Data Modelling relationships between tables
The thing that got me writing this article was a question posted on Stack Overflow about data design, asking whether it’s better to use one big table or to arrange the data using multiple related tables. Having spent many years working with relational databases this seems obvious, it’s easy to forget this is not common knowledge and assume everyone knows this stuff.
The examples below are from a database that contains information about portraits belonging to the University of Oxford. These portraits are referred to as Works in the database.
The database also holds details of the people connected to the portraits. This includes the subject of the portrait (the sitter), the artists who produced the portrait, and others such as donors who have bequeathed portraits to the university.

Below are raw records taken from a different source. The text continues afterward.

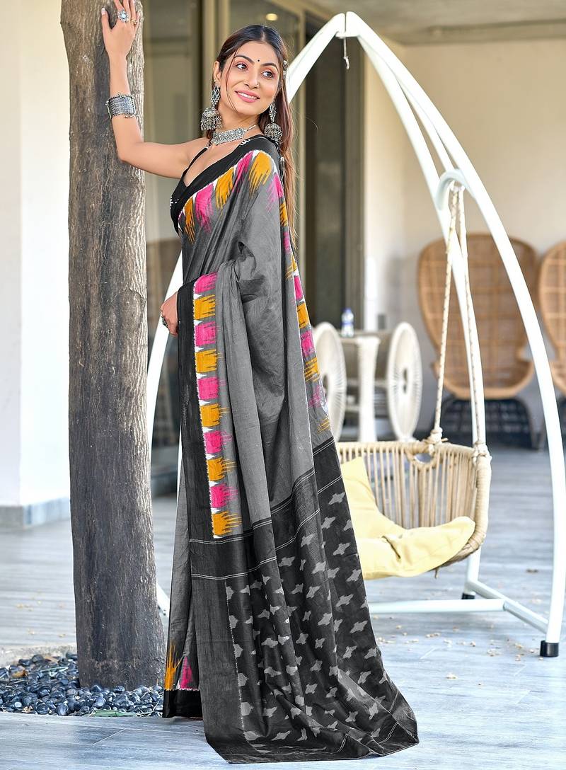 | Product Name | Grey Printed Mulmul Cotton Saree With Blouse. | |
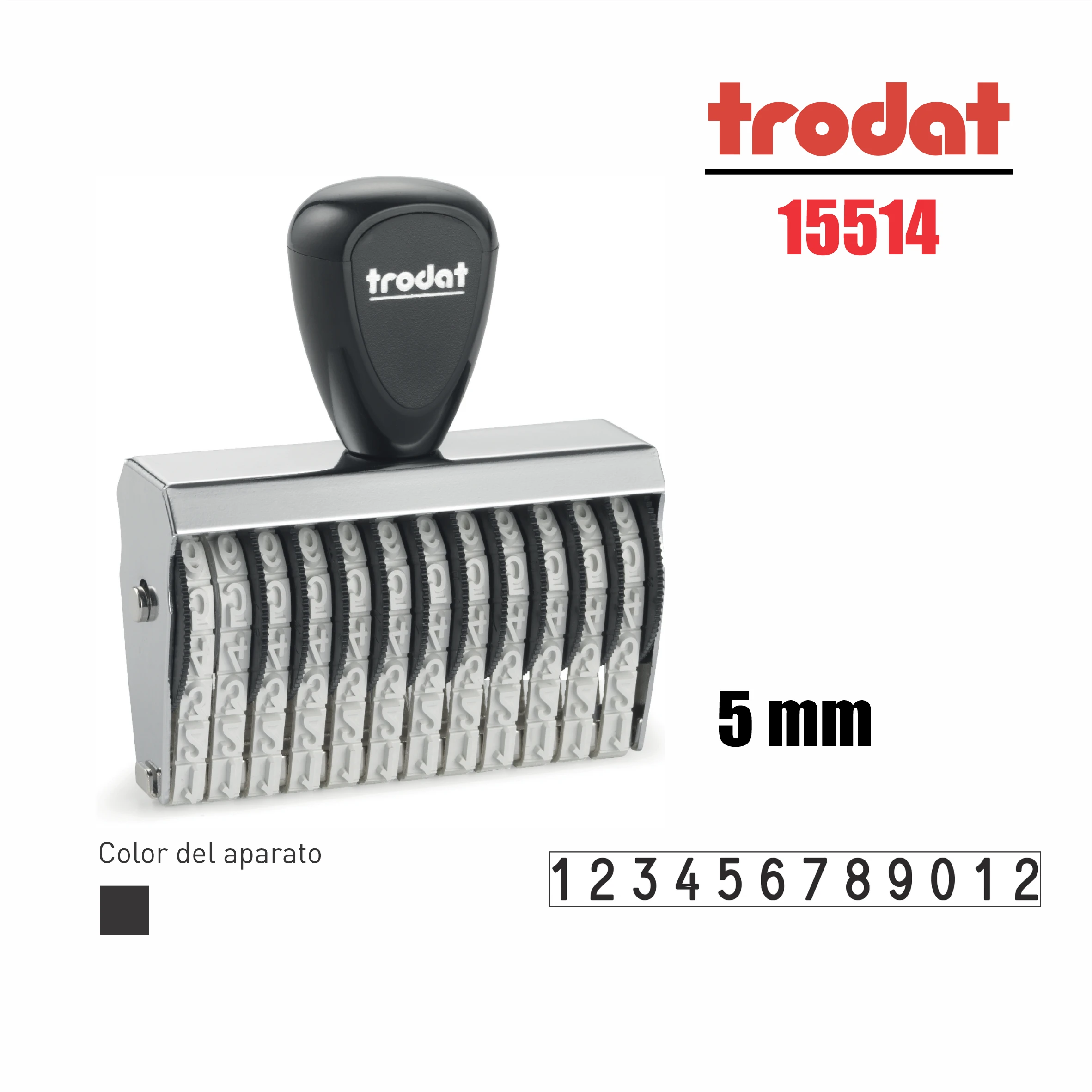 Sello numerador manual Trodat Classic 15514 con 14 bandas y caracteres de 5 mm, ideal para numeración manual clara en documentos, controles y procesos administrativos.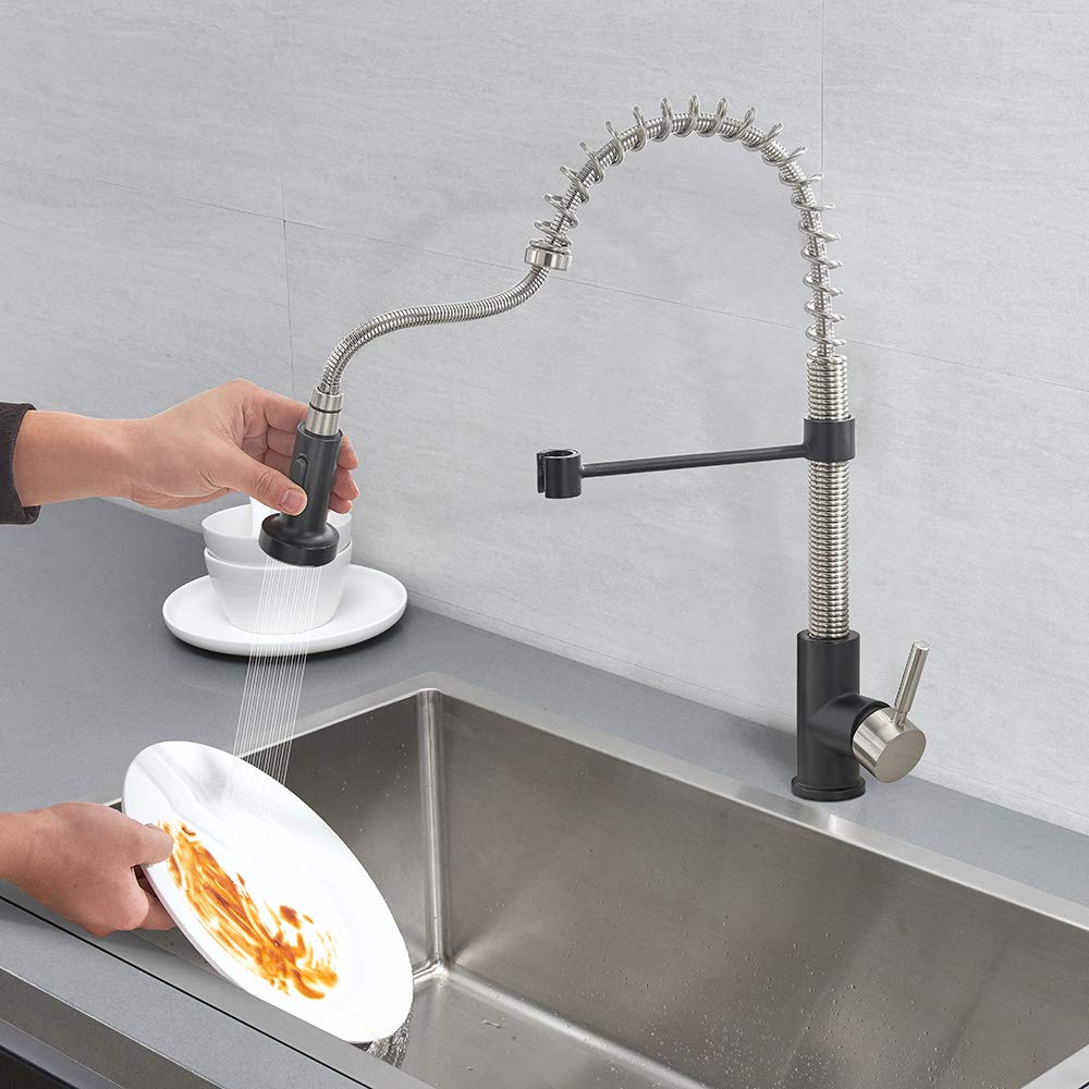 • VESLA HOME Commercial Single Handle Pull Out Sprayer Spring Stainless Steel Kitchen Faucet, Brushed Nickel and Matte Black Kitchen Sink Faucet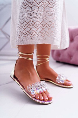 Sandale plate pentru femei cu șampanie zircons karra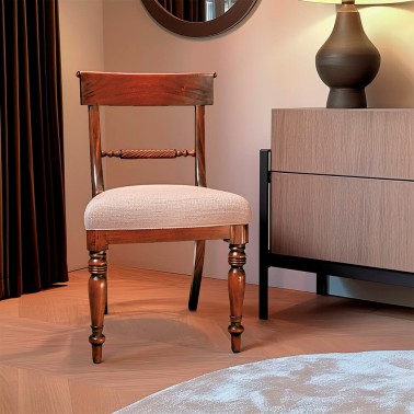 Silla comedor clasica con respaldo y asiento tapizado en tela beige, fabricada en madera de haya y tallada a mano.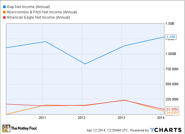 Abercrombie & Fitch has done the worst in comparison with its peers. Between 2009 and 2013, the company's net income skyrocketed from $0.3 million to $54.6 million. While this looks good, investors should keep in mind that the business booked a net loss from discontinued operations in 2009 that amounted to $78.7 million.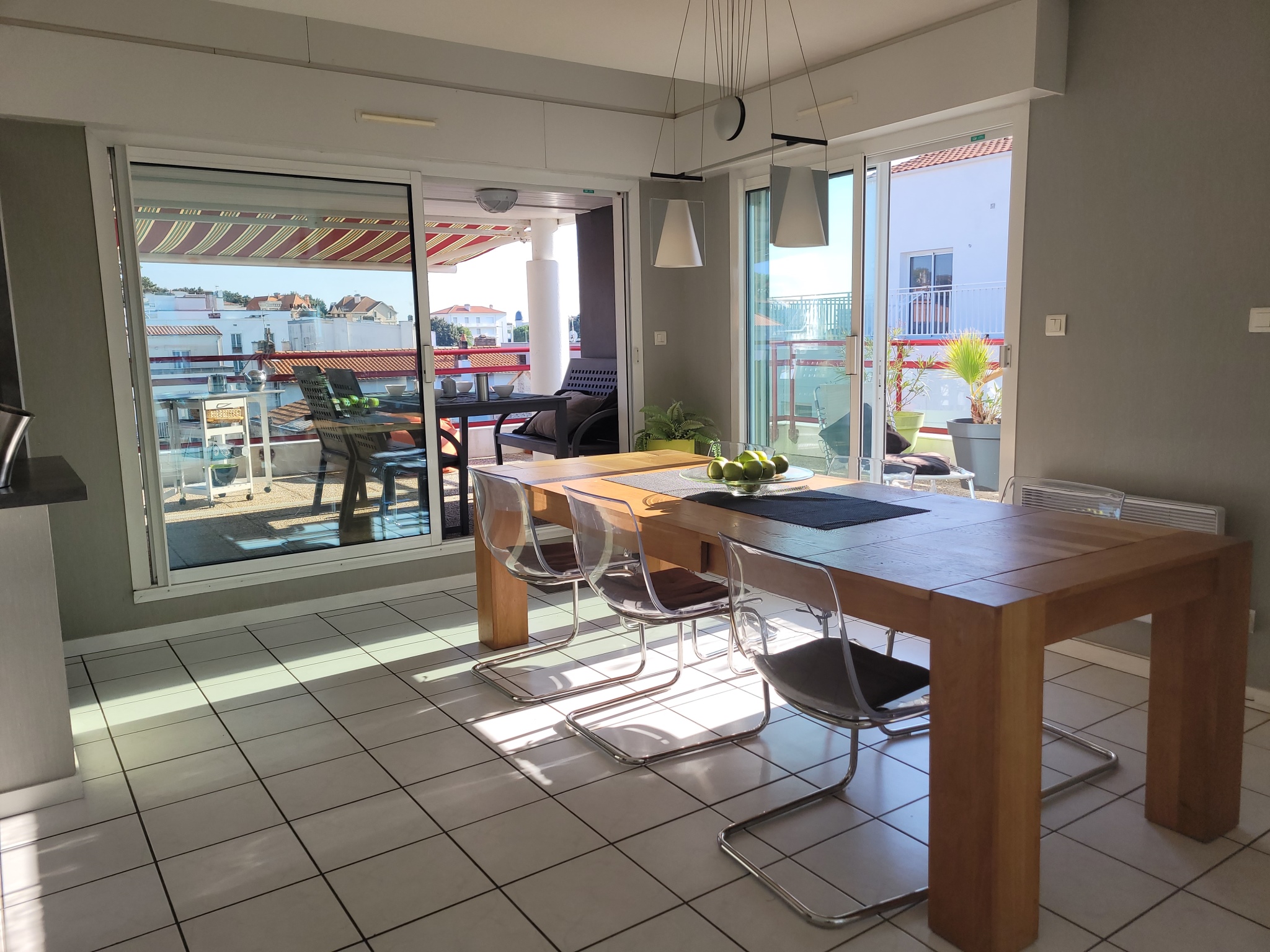 Dans résidence de standing sécurisée avec ascenseur à 50 m de la plage du casino et des commerces de ROYAN Pontaillac, Superbe appartement vue mer penthouse comprenant : entrée/dégagement avec placards, grande et lumineuse pièce à vivre de 62.82 m², ouvrant sur terrasse à 180° de 145 m², cuisine équipée (LL,LV), chambre 1 avec lit 140 et placard, chambre 2 avec 2 lits jumeaux, armoire + salle d'eau et wc, chambre 3 avec 2 lits jumeaux + placard. salle de bain, WC avec lave mains. Place de parking. Animaux non-admis.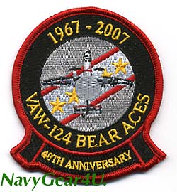 VAW-124"ベアエーセス"が今年2007年に部隊創設40周年を迎え、製作された記念パッチ。飛行隊名と年号、E-2Cの上面形と40周年を示す4つ星のラインがデザイン。タブには「40TH ANNIVERSARY」の文字。

A portrait may be connected to many people and a person may be connected to many portraits, in other words a many-to-many relationship exists between portraits and people.
There are various ways in which this can be modelled:
- Store the portraits and people in a single table. When several people are linked to a portrait can either have multiple sets of columns to hold the extra people or have multiple rows where the portrait data is repeated
- Store the portraits and people in two separate tables with columns in the portrait tables that hold the links to the various people
- Store the portraits and people in separate tables with a third table to hold the relationships
The problem with the first two solutions above is that data is either repeated or is left empty in case it is required as we can’t know up front how many relationships there will be for each portrait and person. They are also hard to change when new requirements are identified, e.g. a new type of person needs to be added.
The third solution doesn’t require repeating (redundant) data or booking spaces for relationships that may or may not be required, using data modelling terms we can say it has been normalised.
The extra table by convention is named from concatenating the names of the two tables in the many-to-many relationship, hence the new table in our example is called Work_People as it links the Work and People tables.
The new table is constructed by taking the Primary Key of each of the parent tables. These become the primary key of the new table. In our example both tables have numeric primary keys that are incremented for each new row. Using these abstract keys allows the data in the tables to be changed without having to update the relationships, e.g. the names in the People table can be changed without having to update the Work_People or Work tables.
Note the relationships in the diagram between the three tables. The connectors that link the tables have a single terminator at the One end of the relationship and have a crows foot at the Many end of the relationship.
There is a One at the One end of the relationship
There is a Zero at the Many end of the relationship.
This is the cardinality of the relationship which means the connector between the Work and Work_People tables can be read as Exactly One row in the Work table can be related to Zero or More Work_People rows.
In other words, new rows can be added to the Work and People tables without having to add relationships to the Work_People table. This allows new works and new people to be added independently of each other, then the relationships are added as and when required. Note that this isn’t always the case, cardinality will vary and in some cases may specify that the relationships must be added at the same time as the rows in the main tables.